MONTREAL — Air Canada’s shares hit an all-time high Tuesday even though its earnings fell slightly below expectations last quarter as the grounding of the Boeing 737 Max continues to weigh down the country’s largest airline.
The shares gained about five per cent or $2.30 at $48.02 in late-morning trading on the Toronto Stock Exchange.
Chief executive Calin Rovinescu cited “the serious disruption to our overall operations and to our cost structure and profitability” caused by the now eight-month grounding of the 24 Max planes in its fleet and 12 more that had been slated for delivery by mid-2019.
“The removal of 36 737 Max aircraft, or about 24 per cent of our narrow-body fleet, from our schedule during our peak summer season exacted a toll,” he said on a conference call with analysts Tuesday.
While the carrier covered more than 95 per cent of planned flying in the third quarter, it was forced to lease two Airbus A330s on top of leases and life extensions for other aircraft that are less fuel efficient than the Max 8.
Air Canada has removed the Max from its flight schedule until at least Feb. 14.
The 12 undelivered Max aircraft sit on Boeing lots, delaying Air Canada’s hiring of pilots.

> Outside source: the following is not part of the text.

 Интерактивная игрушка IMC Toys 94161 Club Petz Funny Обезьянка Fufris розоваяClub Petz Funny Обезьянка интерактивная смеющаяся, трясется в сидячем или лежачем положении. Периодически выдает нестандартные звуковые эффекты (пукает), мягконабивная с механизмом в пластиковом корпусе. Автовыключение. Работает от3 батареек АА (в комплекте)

Fourteen more Max 8s were slated for delivery in the first half of 2020, but may now be pushed back.
“This is a process that will indeed be gradual. This is not an overnight process,” Rovinescu said, noting it could be up to a year after the airspace ban is scrapped before all 50 Max jetliners are in operation.

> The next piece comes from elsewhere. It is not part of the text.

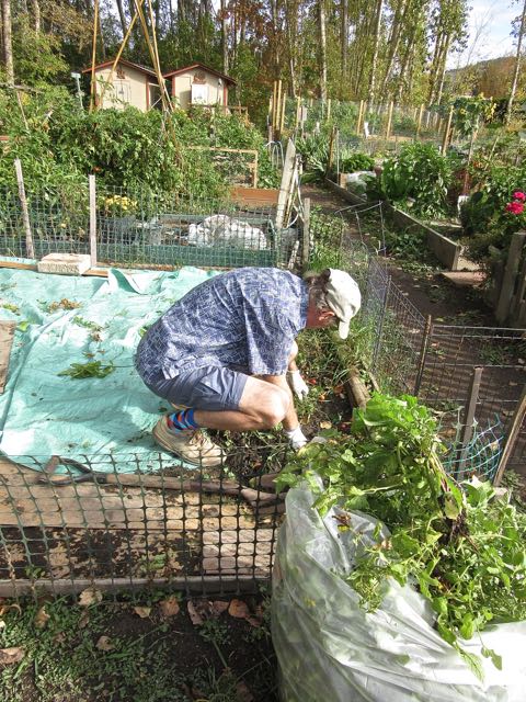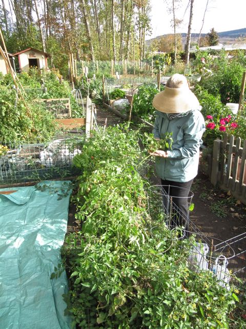 Colin cleaning up the final tomatoes.  We had five plants and the roots were very long.  Great crop.

Analyst Walter Spracklin of RBC Dominion Securities said the effects of the grounding were to be “most significantly felt” in third quarter, when capacity is tightest.
However, he said the cost impact was not as bad as had been expected.

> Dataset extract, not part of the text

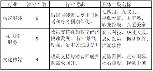 每经记者|闫峰峰 每经编辑|何建川 各位投资者,大家好。 | 行业 | 涨停个数 | 行业逻辑 | 具体个股名称 | | --- | --- | --- | --- | | 纺织服装 | 6 | 纺织服装板块受出口回 暖和冷冬预期催化。 | 七匹狼、九牧王、 嘉欣丝绸、太平鸟、 | | | | | 欣龙控股、真爱美家 | | 互联网 | 5 | 政策支持叠加数字经济 光云科技、华胜天成、 快速发展。 行业景气 | 思创医惠、榕基软件、 | | 服务 | | 度高,资本关注度提升 浪潮软件 | | | 文化传媒 | 4 | 政策支持与消费回暖推 元隆雅图、宣亚国际、 | | | | | 动需求回升。 | 福石控股、视觉中国 | 从行业特征来看,今日涨停板个股中,纺织服装、互联网服务、文化传媒行业的个股最多。 (注:行业涨停板个股越多,说明该行业被资金重点关注,是当前热门行业。) 从概念特征来看,今日涨停板个股中,人工智能大模型、大消费、福建自贸/海西概念的个股最多。 涨跌停板数据,不仅是反映板块和个股强弱的重要指标,更是体现市场情绪与资金流向的重要参考依 据。那么,今日的涨停个股有哪些特点呢?哪些涨停股又值得重 ...
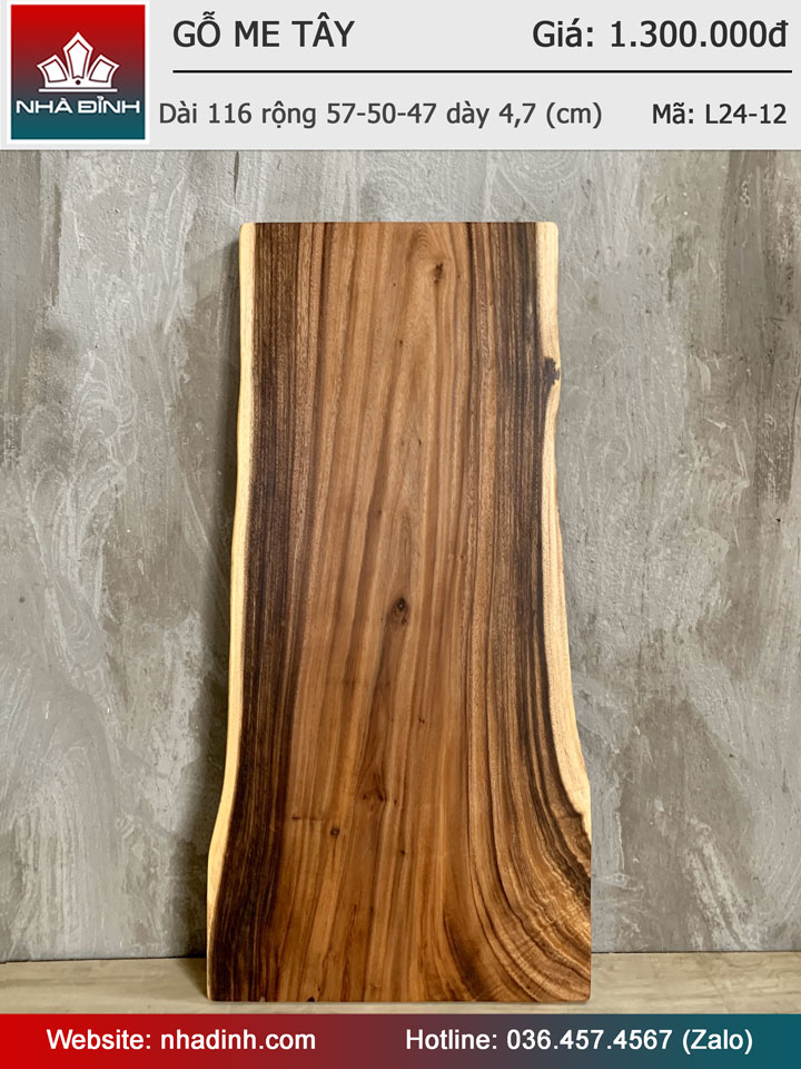 Mặt Bàn Gỗ Me Tây Nguyên Khối Dài 116 Rộng 57-50-47 Dày 4,7 (cm)

“The key takeaway in this quarter from our perspective is that Air Canada has demonstrated that it can successfully manage a significant external event through better pricing and nimble cost management to achieve strong results,” Spracklin said in a note to investors.
Doug Taylor, an analyst with Canaccord Genuity, highlighted how “the company has been able to effectively pass the added costs through to customers.”
Net income fell nine per cent year over year to $636 million in the quarter ended Sept. 30. Revenue dropped three per cent to $5.53 billion.
On an adjusted basis, earnings per diluted share rose to $2.27, up from $2.10 a year earlier but below analyst expectations of $2.34, according to financial markets data firm Refinitiv.